[SUPPORT] Connect to standalone hive metastore rather than JDBC
hudi version: 0.14.0
Our production environment don't have hive server but rather a standalone hive metastore backed by postgreSQL. I cannot find any documentations regarding how to sync to hive metastore in spark / spark sql.
@stream2000 apprepicate if you can provide some sample sql query that sync hudi table to standalone hms.
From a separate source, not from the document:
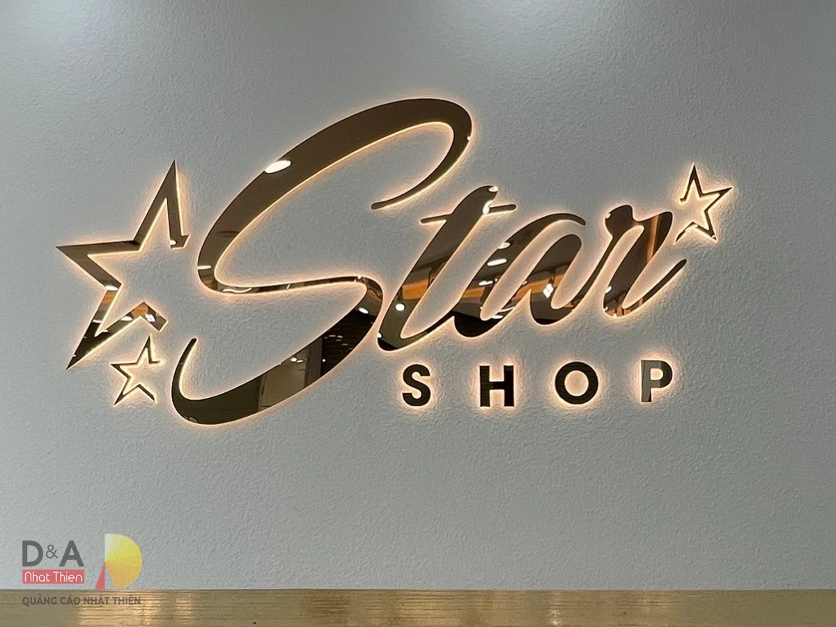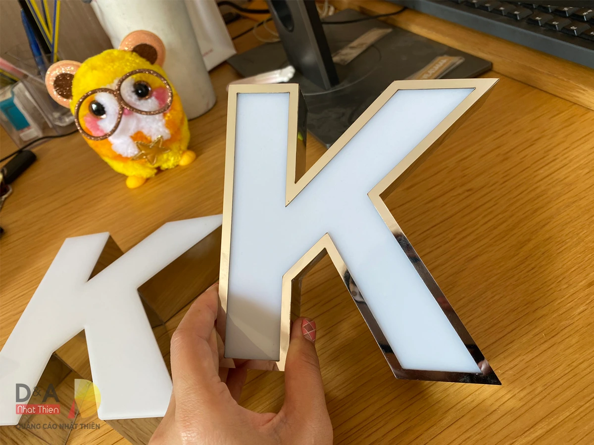 Mô tả sản phẩm: inox được gia công làm nổi đường nét tinh sảo, sơn màu, có thể dùng đế mica để dẫn sáng hoặc kết hợp đèn led trực tiếp để tạo ánh sáng hắt chân chữ.

You can try the following spark SQL:
call hive_sync(table => 'a', metastore_uri => 'uri');
All the params are as follows:
private val PARAMETERS = Array[ProcedureParameter](
ProcedureParameter.required(0, "table", DataTypes.StringType),
ProcedureParameter.optional(1, "metastore_uri", DataTypes.StringType, ""),
ProcedureParameter.optional(2, "username", DataTypes.StringType, ""),
ProcedureParameter.optional(3, "password", DataTypes.StringType, ""),
ProcedureParameter.optional(4, "use_jdbc", DataTypes.StringType, ""),
ProcedureParameter.optional(5, "mode", DataTypes.StringType, ""),
ProcedureParameter.optional(6, "partition_fields", DataTypes.StringType, ""),
ProcedureParameter.optional(7, "partition_extractor_class", DataTypes.StringType, ""),
ProcedureParameter.optional(8, "strategy", DataTypes.StringType, ""),
ProcedureParameter.optional(9, "sync_incremental", DataTypes.StringType, "")
)
Keep in mind that this procedure requires you already have a table. If you need to create a table by spark, try to use HiveSyncTool directly. You can see the code in HiveSyncProcedure which illustrate how to construct a HiveSyncTool.
@qidian99 Let us know in case you face any issues while trying this. Feel free to close this issue if it worked. Thanks.
@qidian99 Closing this. Please reopen or create new one in case you face further issues. Thanks.